[RECORDS FOR THE TASK]
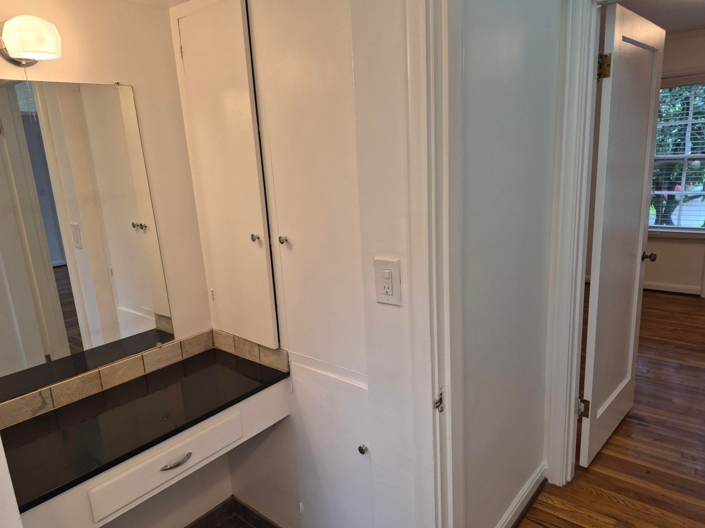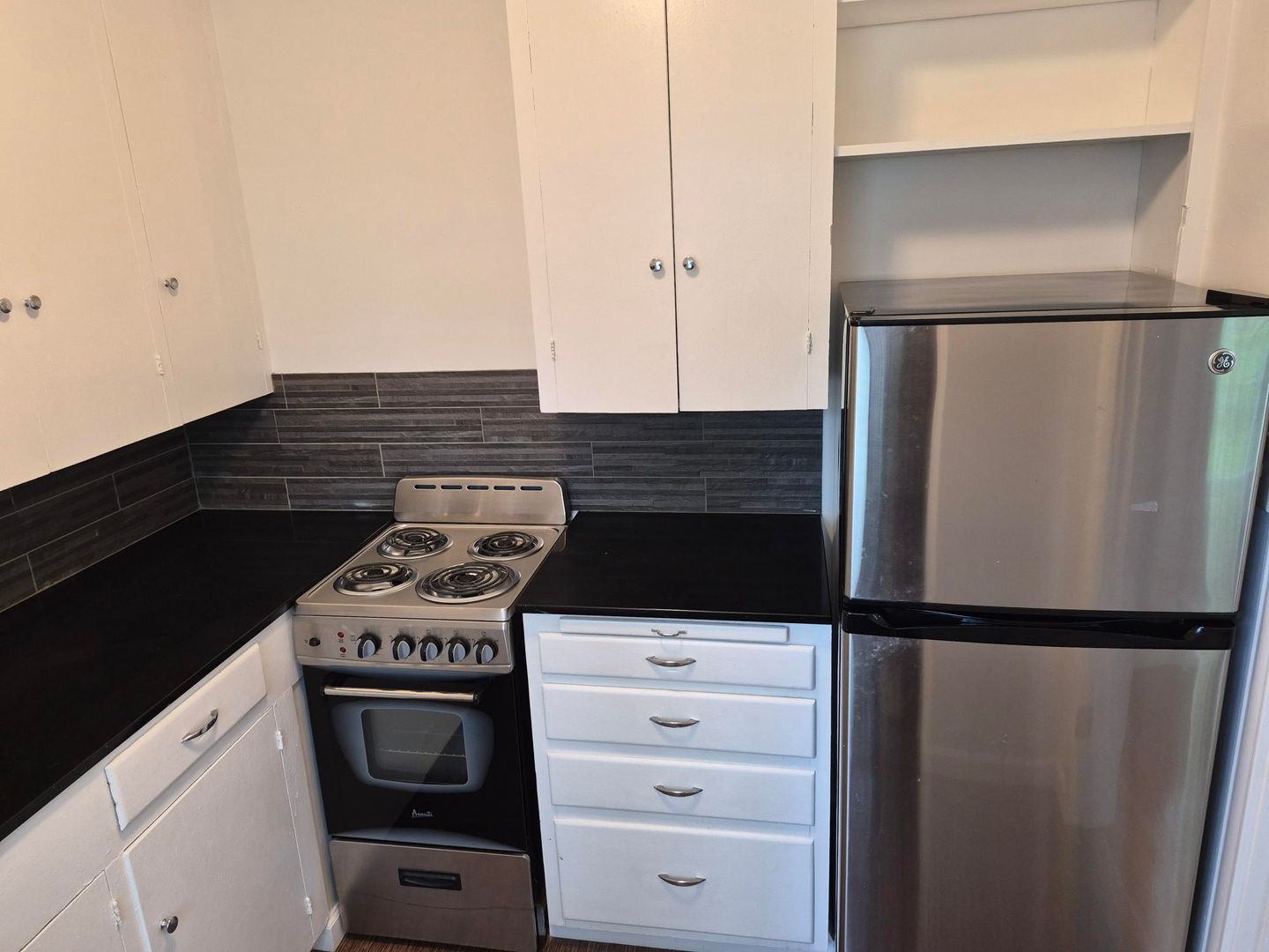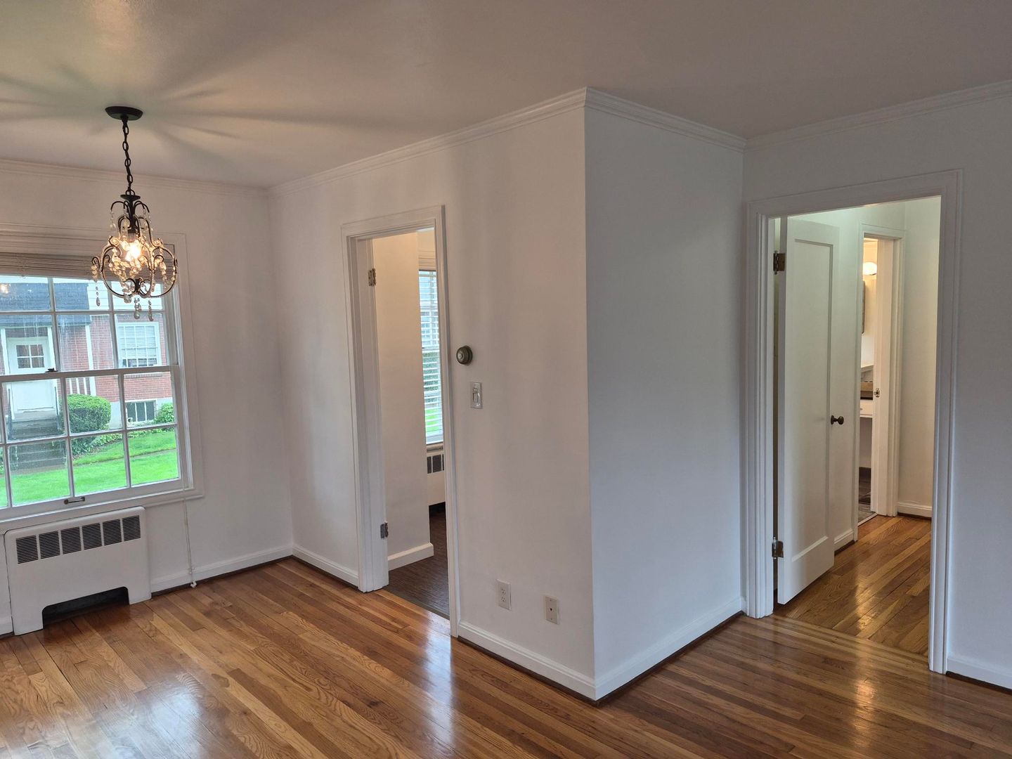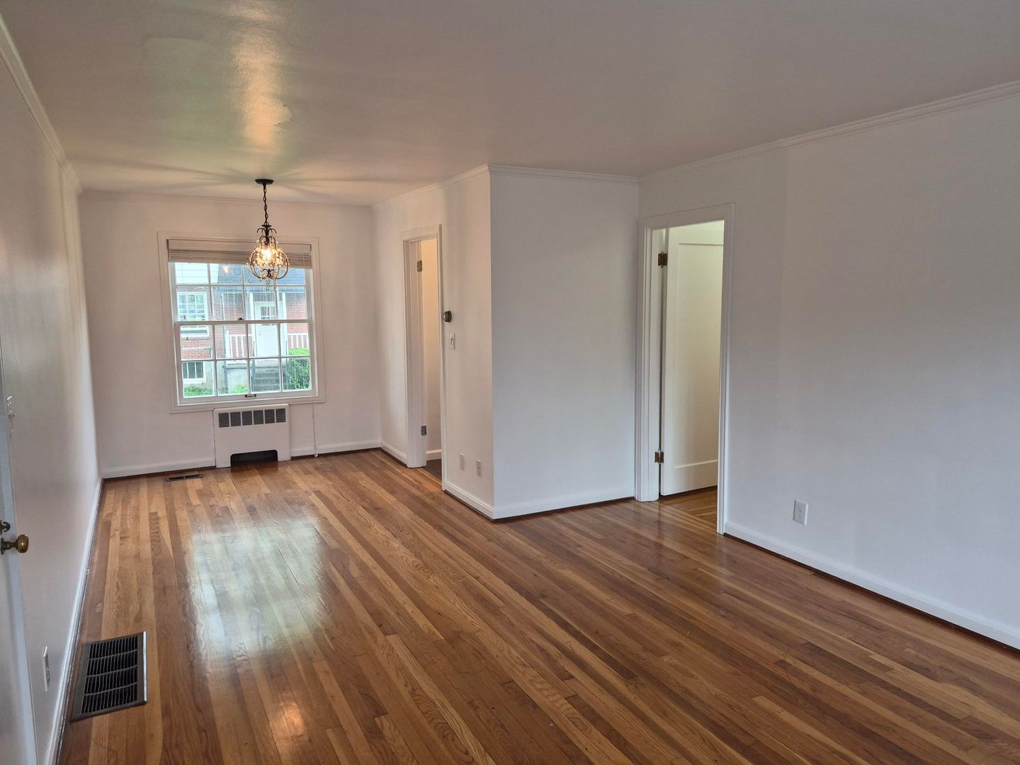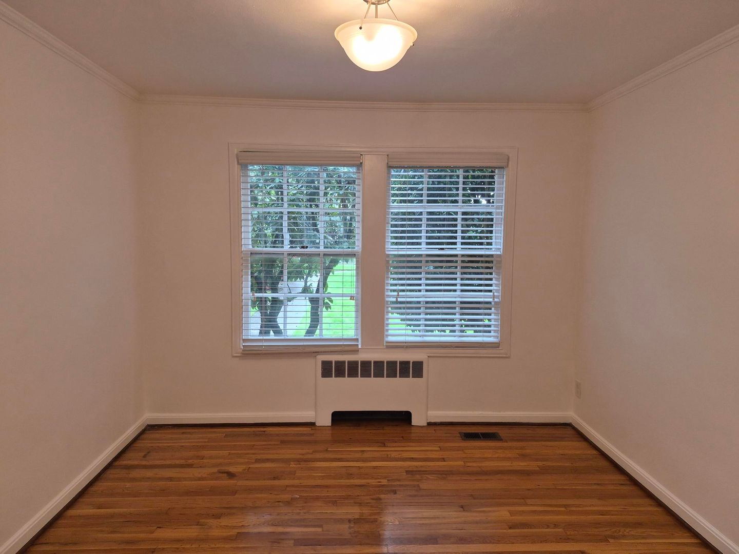 Located on the first floor, garden level of the building. Gleaming restored original hardwood flooring meets you at the entry and continues throughout. The living room has a large bay window with seating and a nook perfect for a dining room or home office with a black and crystal chandelier. The kitchen has been renovated with quartz countertops and slate porcelain tile backsplash, flooring and a stainless-steel appliance package. There is also a closet that can be used as cleaning storage or you can add shelving to make it a pantry. In the bathroom there is a mirrored vanity, hand laid slate tile flooring, tub surround and a linen closet with a pedestal sink. The bedroom has a walk in closet and vintage charm to spare!
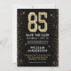 Esta fabulosa fiesta de cumpleaños número 85 de hombres de oro y negro Salven la tarjeta de fecha con el número 85 en oro con fuentes modernas y lados purpurinas de oro sería perfecta para pedirle a la gente que ponga esta fecha especial a un lado para el hombre en la próxima fiesta de cumpleaños número 85 de su vida. Es tradicional y clásico, fresco, moderno y contemporáneo. Para ver su tarjeta única guardar las tarjetas de fecha seleccione "Personalizar esta plantilla" y escriba su información. ¡Es muy fácil!
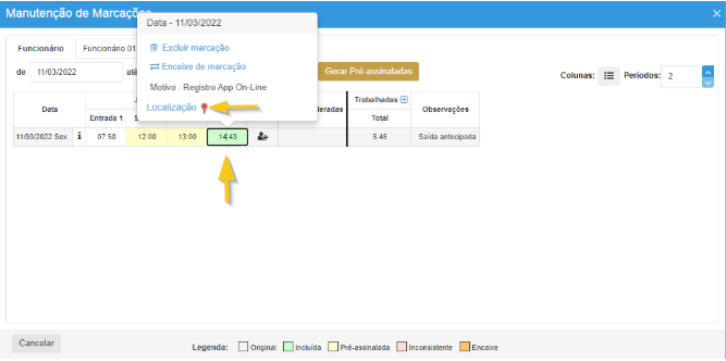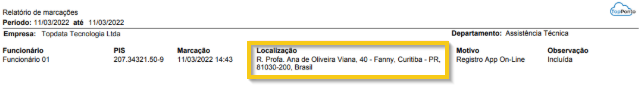 Ao clicar no registro, será apresentada a data e hora da marcação como também o local que o funcionário efetuou o registro.
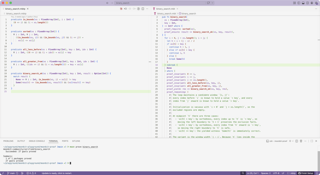 上图展示了 MoonBit 中对二分查找的完整验证。左侧是带有合约和循环不变量的函数实现,右侧是谓词定义文件,底部终端则显示验证全部通过。
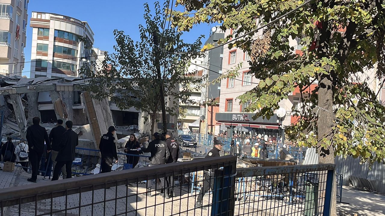Kocaeli’nin Gebze ilçesinde dün çöken aynı aileden 4 kişinin öldüğü, 1 kişinin yaralı kurtarıldığı 7 katlı binanın enkazında Gebze Cumhuriyet Başsavcılığı tarafından görevlendirilen savcılardan oluşan heyet, incelemelere başladı. Heyet, güvenlik amacıyla etrafı demir bariyerlere kapatılan enkazda çalışmalarını sürdürüyor. (DHA)
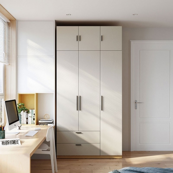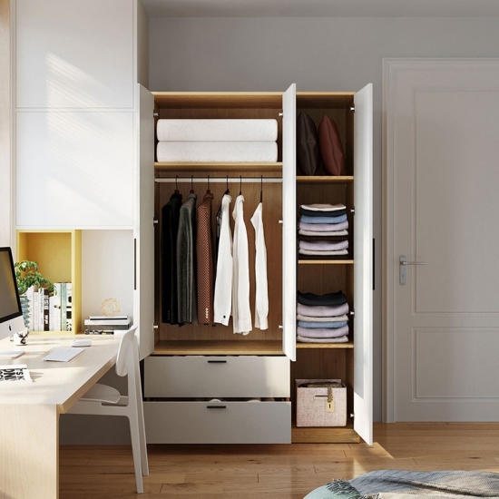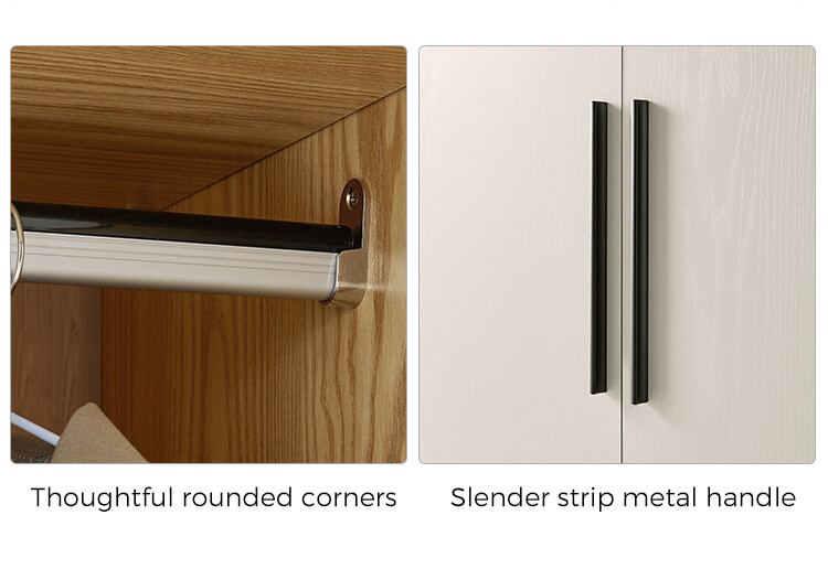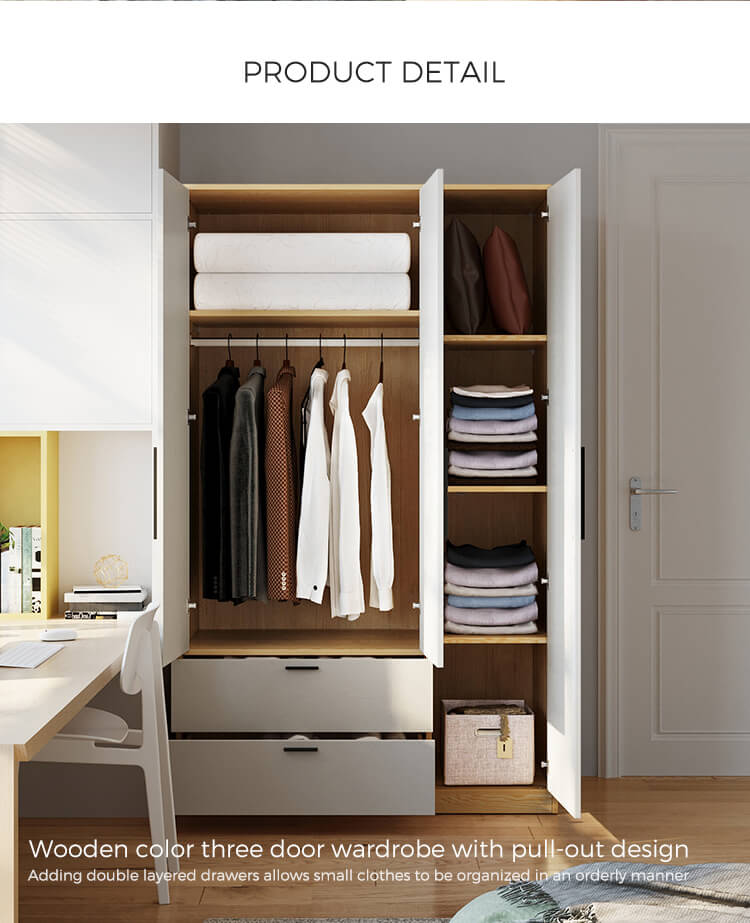 ตู้เสื้อผ้าสามประตูนี้ผสมผสานความเรียบง่ายและการใช้งานได้อย่างลงตัว มีพื้นที่เก็บของมากมายและเสริมความสวยงามให้กับห้องของคุณ พื้นผิวสีขาวสะอาดตาช่วยเสริมให้การตกแต่งดูดีขึ้น ทำให้ตู้เสื้อผ้านี้กลายเป็นส่วนเสริมที่เหนือกาลเวลาสำหรับบ้านของคุณ
[/RECORDS FOR THE TASK]
▸ **YOUR OBJECTIVE**
Begin at the top of the records above and retype each line exactly until the line containing "Esta fabulosa fiesta", which is included. Skip all pictures.

▸ **REPLY TO THE TASK**
 Located on the first floor, garden level of the building. Gleaming restored original hardwood flooring meets you at the entry and continues throughout. The living room has a large bay window with seating and a nook perfect for a dining room or home office with a black and crystal chandelier. The kitchen has been renovated with quartz countertops and slate porcelain tile backsplash, flooring and a stainless-steel appliance package. There is also a closet that can be used as cleaning storage or you can add shelving to make it a pantry. In the bathroom there is a mirrored vanity, hand laid slate tile flooring, tub surround and a linen closet with a pedestal sink. The bedroom has a walk in closet and vintage charm to spare!
 Esta fabulosa fiesta de cumpleaños número 85 de hombres de oro y negro Salven la tarjeta de fecha con el número 85 en oro con fuentes modernas y lados purpurinas de oro sería perfecta para pedirle a la gente que ponga esta fecha especial a un lado para el hombre en la próxima fiesta de cumpleaños número 85 de su vida. Es tradicional y clásico, fresco, moderno y contemporáneo. Para ver su tarjeta única guardar las tarjetas de fecha seleccione "Personalizar esta plantilla" y escriba su información. ¡Es muy fácil!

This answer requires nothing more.